The FTC votes unanimously to enforce right to repair

C C Offline

EXCERPTS: During an open commission meeting Wednesday, the Federal Trade Commission voted unanimously to enforce laws around the Right to Repair, thereby ensuring that US consumers will be able to repair their own electronic and automotive devices.

The FTC’s endorsement of the rules is not a surprise outcome; the issue of Right to Repair has been a remarkably bipartisan one, and the FTC itself issued a lengthy report in May that blasted manufacturers for restricting repairs. But the 5 to 0 vote signals the commission’s commitment to enforce both federal antitrust laws and a key law around consumer warranties—the Magnuson Moss Warranty Act—when it comes to personal device repairs.

The vote, which was led by new FTC chair and known tech critic Lina Khan, also comes 12 days after President Joe Biden signed a broad executive order aimed at promoting competition in the US economy. The order addressed a wide range of industries, from banks to airlines to tech companies. But a portion of it encouraged the FTC, which operates as an independent agency, to create new rules that would prevent companies from restricting repair options for consumers.

“When you buy an expensive product, whether it's a half-a-million-dollar tractor or a thousand-dollar phone, you are in a very real sense under the power of the manufacturer,” says Tim Wu, special assistant to the president for technology and competition policy within the National Economic Council. “And when they have repair specifications that are unreasonable, there's not a lot you can do."

Wu added that Right to Repair has become a "visceral example" of the enormous imbalance between workers, consumers, small businesses, and larger entities.

The FTC vote is another win for the Right to Repair movement in the US [...] Proponents of the Right to Repair have long argued that consumers should have access to the tools, parts, documentation, and software required to fix the products they own, whether it’s a smartphone or a tractor.

These groups are also quick to call out instances in which large manufacturers block or limit options for independent product repairs, or force consumers to go directly back to a manufacturer, who then charges a premium for a fix. And it’s not just a matter of fixing a broken glass back on a smartphone, or repairing an impossibly small smartwatch: During the height of the coronavirus pandemic in the spring of 2020, medical device engineers began speaking out on the dangers of not having access to repair tools for critical devices, such as ventilators, during times of crisis.

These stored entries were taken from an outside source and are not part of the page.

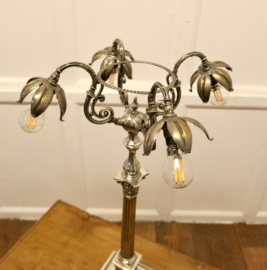Tall Silver Plated Table Candelabra Sideboard Lamp This is a very unusual piece, the lamp is made in heavy silver-plate, it is set on a square stepped base with a tall column supporting 4 lamps set with petal-like shades The lamp has new wiring and in very good antique condition The lamp is 29” tall, 17” across and 7.5” square at the base VY41 Manufacture Date : 1920 Materials : Silver-plate
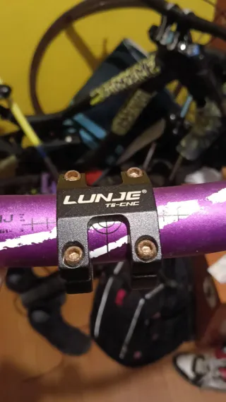 Acoples Manillar MTB Marca Tranz X Modelo Zanzibar Color Morado Anodizado Fabricados en Aluminio de 1 pieza Peso 18gr
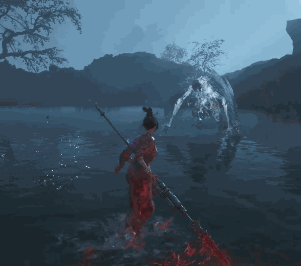 敌人半血后没有固定招式出现,但会新增一个新的横向水波,会横向连转2次,同时造成场景周围有小范围伤害。
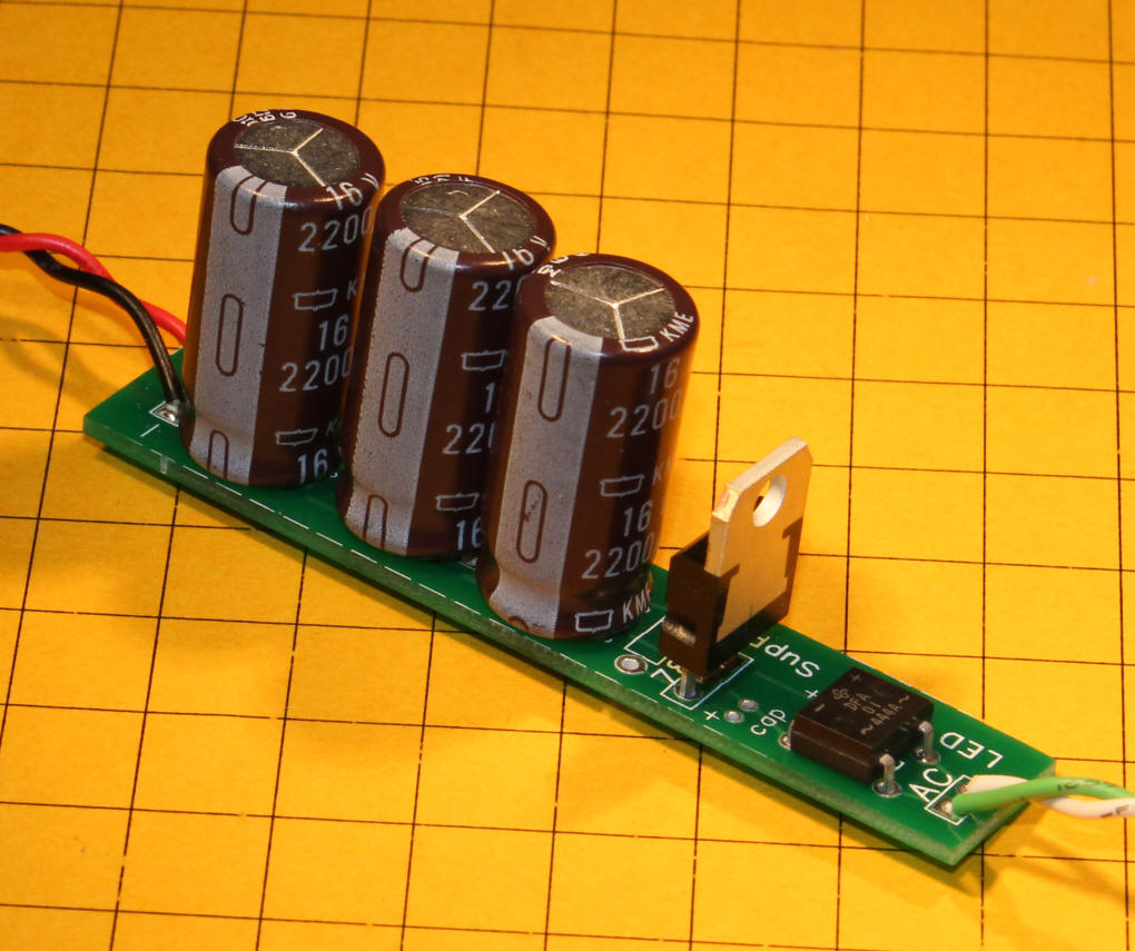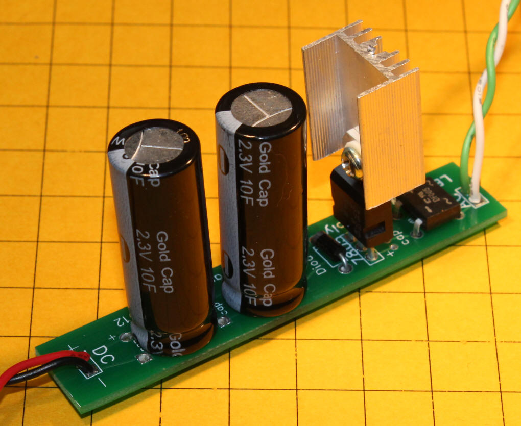 Here is another view of the same board. There are three 2200 uF / 16 volt capacitors wired in parallel. When capacitors are wired in this way their capacitance is added so they behave as though we are using one 6600 uF capacitor. This may sound like a high value but 6600 uF is only enough power storage to keep the LEDs from flickering, not enough to keep them lit for any length of time beyond a second or two if power is completely lost. To accomplish that we need to employ SUPERCAPS.
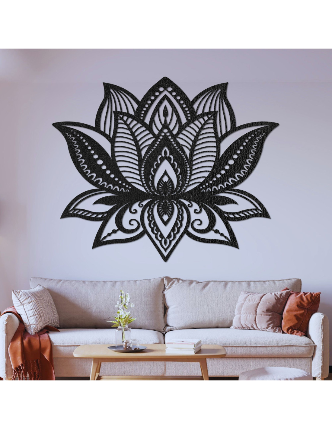 Die sorgfältig eingearbeiteten Muster bilden eine symmetrische Lotusblume, die Harmonie, Frieden und Einheit symbolisiert.
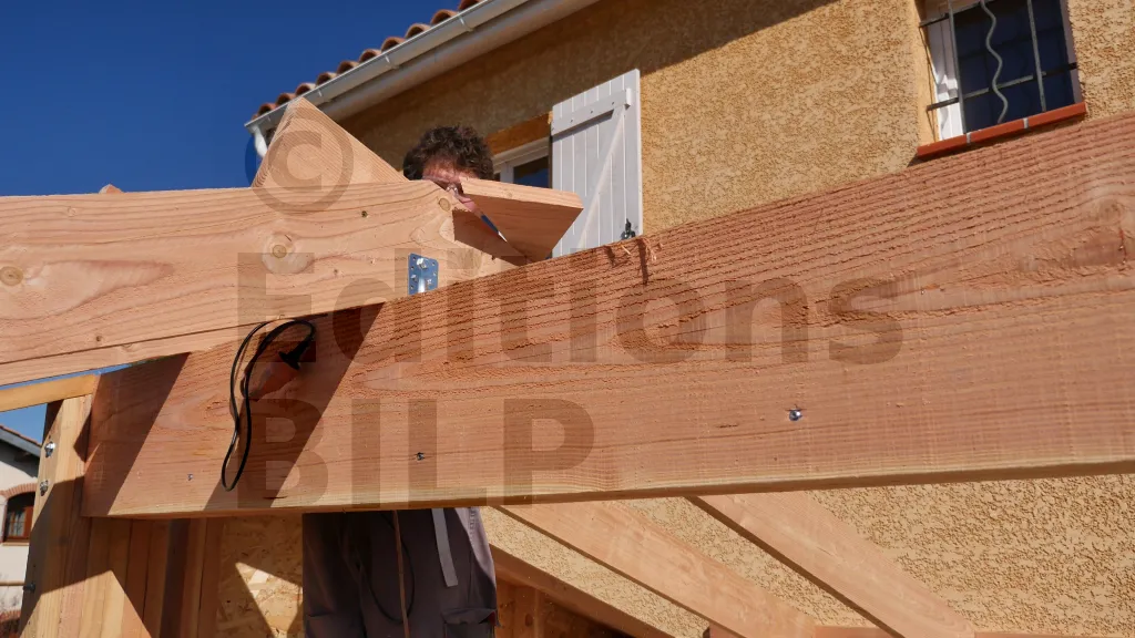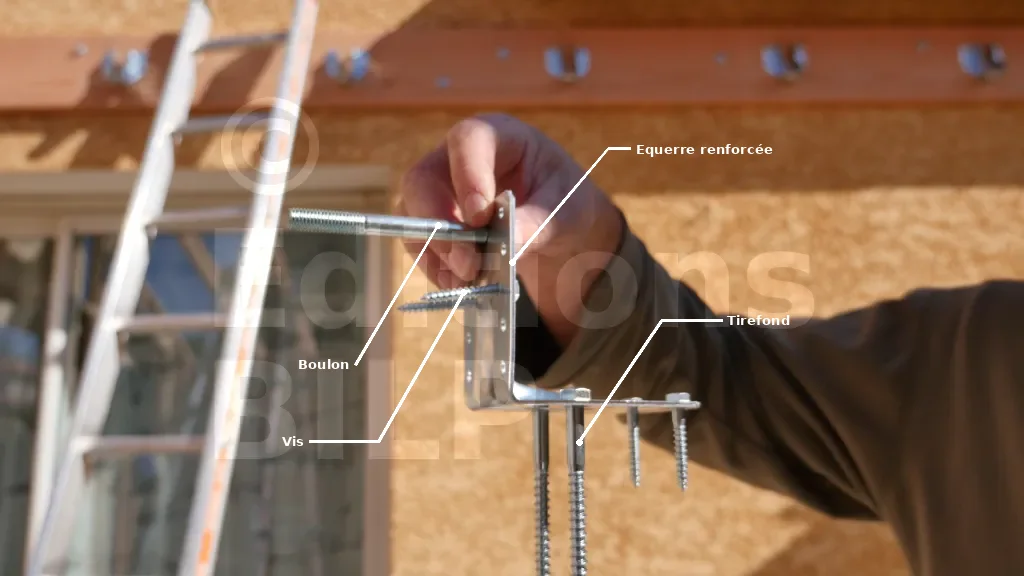 Sur les pannes, l’équerre est fixée à l’aide de tirefonds. Sur les chevrons, la fixation se fait par boulonnage (avec un boulon) et par vissage (avec des tirefonds).
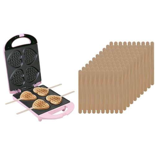 Bestron våffeljärn för hjärtafflor på en pinne, retrodesign, Sweet Dreams, 780 watt, rosa & Silikomart - STICKS - SET 100 träpinnar 113X10 H 2 MM
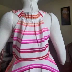 Cute summer dress. White with multi-colored pinks and orange stripes.
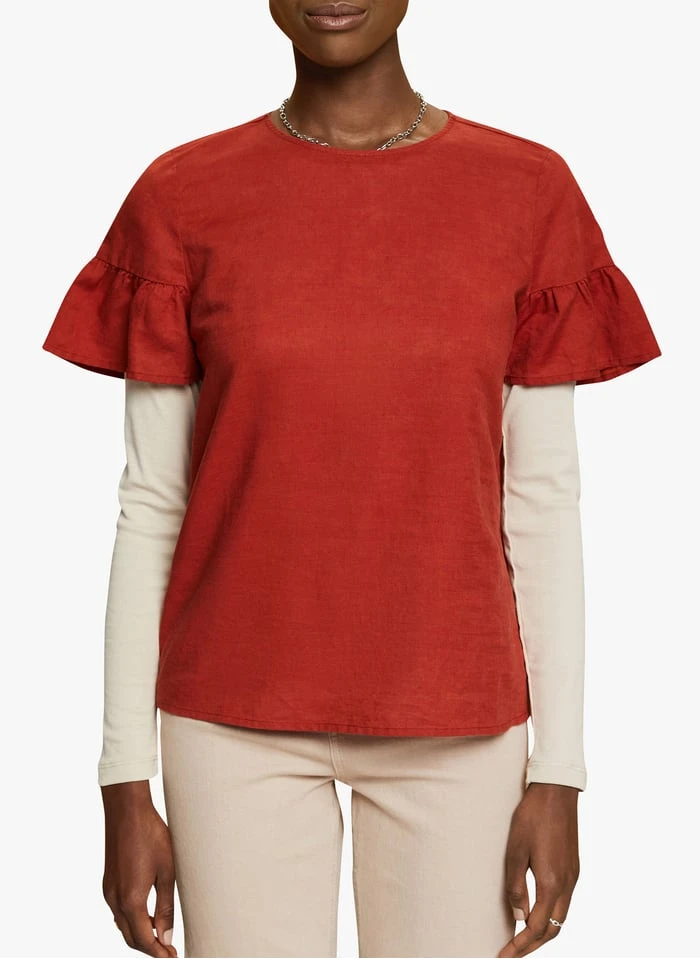 Top met ronde hals linnenblend by Esprit voor Dames.

As more products are designed with internet connectivity—from smartphones to refrigerators to cars—the issue of repair rights has become increasingly complicated. Repair advocates say consumers should have access to all of the data that their personal devices collect, and that independent repair shops should have access to the same software diagnostic tools that “authorized” shops have... (MORE - details)
Zinjanthropos Offline
Didn’t the right to repair evolve into costly litigation where manufacturers were found liable when some unqualified idiot electrocuted(killed) him/herself unnecessarily? Giving the consumer the right to repair is nice but expect a few deaths, it’s inevitable IMO. Probably a good thing for manufacturers who can refer to the law now once something goes wrong. A classic ‘I told you so’ situation in the works.
Syne Offline
No, if anything right to repair would absolve the manufacturer of any such liability due to user error. Every automotive manual has clear warnings about disconnecting the battery before doing any repairs.